D. Smith: Don’t put off assembling an estate plan

An estate plan is an essential part of planning for the future.

Estate planning involves the transfer of someone’s assets (e.g. property, money) when they die, as well as other personal assets.

What is the right age to start on an estate plan?

As soon as you start to accumulate assets or when you start to have children, you should have an estate plan.

During our lifetime, planning is part of our routine. We plan for holidays and family gatherings. We plan on things to do when we are not working. We plan on making consumer purchases such as for vehicles and major appliances. So what about planning in regards to estate planning for you and your family?

Almost 50 per cent of the adult population who should don’t make estate planning a priority.

That means nothing has been done to protect you and your family against the many negative aspects of having no estate plan.

Estate planning should be considered as one of the best planning strategies during our lifetime. Making a will is an important part of planning for your family’s future.

If you die without a will, your property will be divided according to B.C. law, and the costs to administer your estate will increase.

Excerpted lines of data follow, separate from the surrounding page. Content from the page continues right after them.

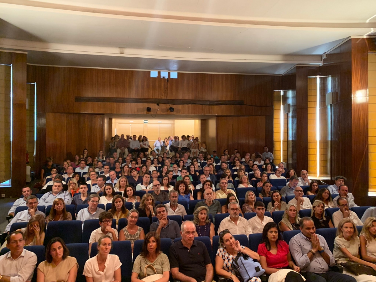 Tras las actividades nos hicimos la foto de familia de la promoción. Este año, dadas las condiciones climatológicas, no pudimos hacerla en el lugar clásico, la escalinata de la fachada, pero quedó muy bonita en el Auditorio Gregorio del Amo.
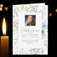 Ett vackert begravningsprogram firande i livet med en handmålad gräns av blå och vilda blommor. Lägg till foton och anpassningsbar på alla fyra sidor - en obituär, serviceordning, dikt, tackmeddelande osv. Det här programmet är så enkelt att anpassa - klicka bara på "anpassa mallen" om du vill ändra text och foton eller klicka på Redigera om du vill anpassa den ytterligare. Detta är verkligen ett engångsprogram som människor kommer att hålla för evigt.
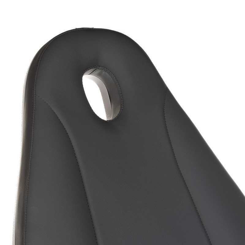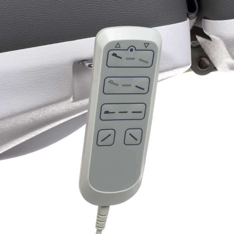 Elektrycznie regulowana wysokość siedziska, kąt podparcia pleców i nóg oraz tzw. kołyska.
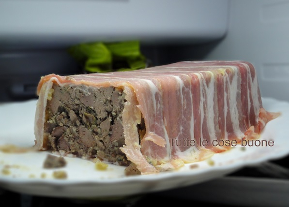 куриное мясо, мясо индейки, свиной окорок, морковь, перец сладкий (?), куриные сердечки, лук, чеснок, яйцо, фисташки, бекон, соус
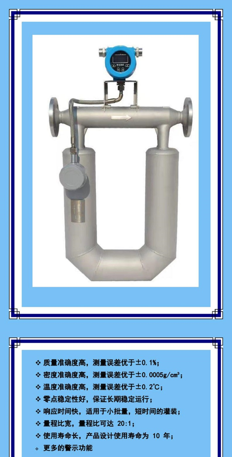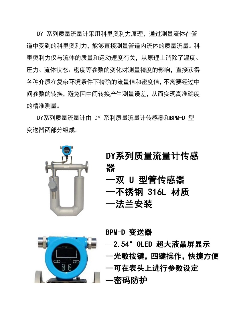 DY 系列質(zhì)量流量計(jì)采用科里奧利力原理,通過(guò)測(cè)量流體在管道中受到的科里奧利力,能夠直接測(cè)量管道內(nèi)流體的質(zhì)量流量。可測(cè)溫度:(-240~204)℃
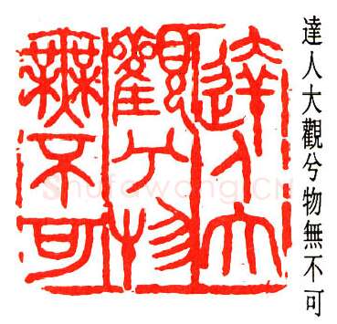一九一八年,星州辑生平得意之作一百六十钮为《耦花盫印存》四册,缶翁亲为撰序,文云:『余嗜印学垂五十年,此中三昧,审之独详。书画之暇,间作《缶庐印存》,一生所作,仅存百余方,匠心构思,累黍万顷。千载下之人,而欲孕育千载上之意味,时流露於方寸铁中,则虽四五文字,宛然若断碑坠简,陈列几席,古趣盎如,不亦难乎!星周与余有同嗜焉:壹志印学,无所旁涉,为刻《耦花盫印存》,越十年而成。请益於余,展读再四,精粹如秦玺,古拙如汉碣,兼以彝器封泥,靡不采精撷华,运智抱拙,星周之心力俱瘁矣,星周之造诣亦深矣。夫刻印本不难,而难於字体之纯一??,配置之疏密,朱白之分布,方圆之互异。更有甚者,信手捉刀,鲁鱼亥豕,散见零星,辄谓缪篆,如斯若可,无庸研究。而陋塞之士,遂据以为根柢,则此贻祸於印学者,实非浅鲜。星周通六书之旨,是以印学具有渊源,余虽与之谈艺,盖欣吾道之不孤也。余曷敢为之序。』读此不独可知印虽方寸天地,然殊不易工,此中甘苦,缶翁陈之详至;而缶翁之谦抑与乐於提携後学,尤令人仰羡无已。星周印作,其後复有人辑为《徐星周印集》初至五集,每集二册,合共十册,较《耦花盫印存》尤为赅备。
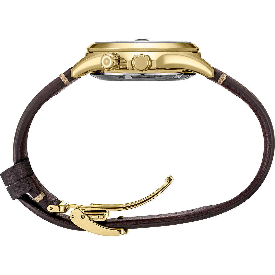 • Brushed gold-tone stainless steel 2 button deployment safety clasp
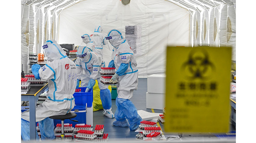 7日,廣東省廣州市,工作人員在『火眼』實驗室內工作。6月5日,經連夜建設,僅用10小時建成的15萬單管日通量的華大『火眼』實驗室,落地廣州番禺亞運城綜合體育館,是目前全國最高日檢測通量的單體實驗室。若採用10混1混採技術,每日最高可檢測150萬人份核酸樣本。目前該實驗室已正式接樣檢測。(中新社記者陳驥旻攝)
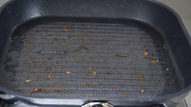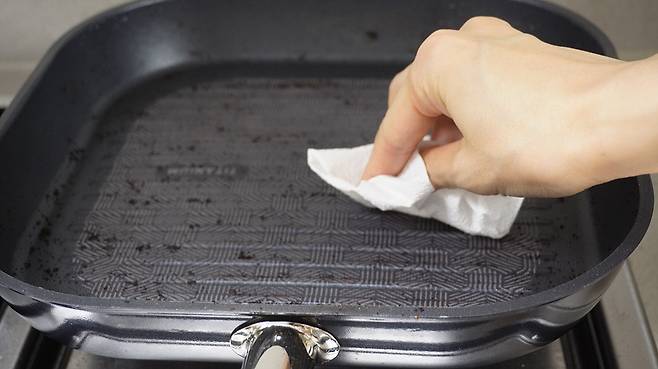 그다음 커피를 뿌려서 키친타올로 함께 닦으세요. 이렇게 하면 잔여 기름기도 제거되면서 후라이팬에 뱄던 비린내 등도 같이 없앨 수 있습니다.

You will be giving up the right to appoint the guardian of your choice for any children in your care.

A will is a legal enforceable declaration of how you want your property to be distributed after death.

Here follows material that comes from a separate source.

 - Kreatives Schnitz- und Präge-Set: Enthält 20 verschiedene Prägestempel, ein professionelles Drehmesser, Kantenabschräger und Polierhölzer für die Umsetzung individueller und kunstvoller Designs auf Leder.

A will provides directions on minor children including who will be the guardian of your most treasured possession, your children.

You will also declare who you want to be the executor or executrix of your will and this is the person who will administer your estate.

You will name the person to be the guardian of your minor children.

You can choose a trusted family member or trusted friend or you can choose a professional to administer your will and will be charged a professional fee for these services.

Ask about the costs associated with professional administration—to determine if there is a fixed cost or a cost based on the total assets administered.

If you die without a will—this is referred to as dying intestate, the province will administer your estate. The province will decide who is in charge of your accumulation of assets and apply intestate guidelines of how your assets will be divided.

You do not have a say in this intestate process because you are no longer alive and you missed the opportunity to make a

Will when you were alive. The government provides the guidelines and the extra legal and accounting costs will come out of your estate value.

Organizing your financial affairs means taking care of your affairs before you are gone.

If you think it is difficult to get started on your estate plan now, it will be increasingly difficult and more expensive for someone else to do your estate plan for you after you are gone. The reality is we can’t live forever and we cannot determine what day will be our last day of life.

You have worked all your life and accumulated assets. Ensure your heirs will get the most out of the assets you have accumulated.

The biggest challenge may be to get started. Then step by step you will achieve your goal of organizing your affairs.

During your lifetime you can gift personal or monetary assets to family, friends or to a charity.

You can take advantage of naming beneficiaries on insurance investments and GICs outside of your will to bypass probate and avoid a long and costly delay of probate.